By 2007, I was on the tennis bandwagon. I fell in thrall, belatedly, to the graceful Wimbledon champion, now the US Champion. This inspired me to enter the Wimbledon ballot for the first time.
When Centre Court tickets fell through my letter box, I was at long last able to take a seat alongside the hallowed turf, and in the company of an elder daughter now gripped by Rafael Nadal fever. We were doubly blessed with a semi-final each of Federer and Nadal.
She and I began to play tennis together once more, and she it was who sowed the seeds of Shanghai. She and a still-encouraging husband fanned that new little flame of adventure in me. It was an indulgence of which my father would approve!
We shared on that trip more undivided time than we had done in years. And we were both unceremoniously bitten by the travel bug. She is, at this very moment, exploring South America.
Come December, I discovered that my younger daughter had sought out tickets to the Black Rock Masters in London. She was once more interested enough in tennis to watch the old guys!
I finally got to see Edberg, she cheered on Pat Cash, and we gossiped like old neighbours.

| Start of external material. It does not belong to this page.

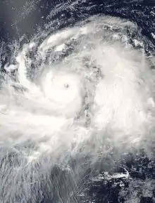 At 1800 UTC on August 20, the JMA upgraded Chaba to typhoon status,[2] while the system was roughly 345 km (214 mi) east-southeast of Saipan.[1] Much of the rapid intensification pattern was attributed to the development of dual outflow channels during the day's course. Concurrently Chaba began to curve towards the northwest around the periphery of the nearby, dominant subtropical ridge in response to an approaching longwave,[3] sweeping past the Mariana Islands.[1] At 1800 UTC on August 23, the JMA assessed the typhoon to have reached its peak intensity with maximum sustained winds of 205 km/h (127 mph) and a minimum barometric pressure of 910 mbar (hPa; 26.87 inHg).[2] An intense albeit average-sized typhoon, Chaba held this intensity for two days before dry air began to impact the cyclone. On August 26, the typhoon's convection slightly weakened, and the more intense convective activity became limited to the southern and eastern sides of the system.[1]

It seemed somehow right, therefore, that Centre Court tickets should again fall onto my door mat this summer. They gave me the chance to replicate a mother-and-daughter moment.
Second time around, I again saw Federer and she saw her favourite, Novak Djokovic. The symmetry with the previous year was so striking it seemed preordained.
We intend to complete the story with one final grandfatherly indulgence: not in Shanghai but in Flushing Meadow. And when we return, she plans to go to university.
So here we are, like mountain tracks that diverge around a hill’s contours only to merge again on the other side, a mother and two daughters as close as on those sunny Sundays. We’re revelling in tennis, travelling the world, confiding our secrets, having fun.
And out of all this has come something yet more enjoyable: quite simply, friendship.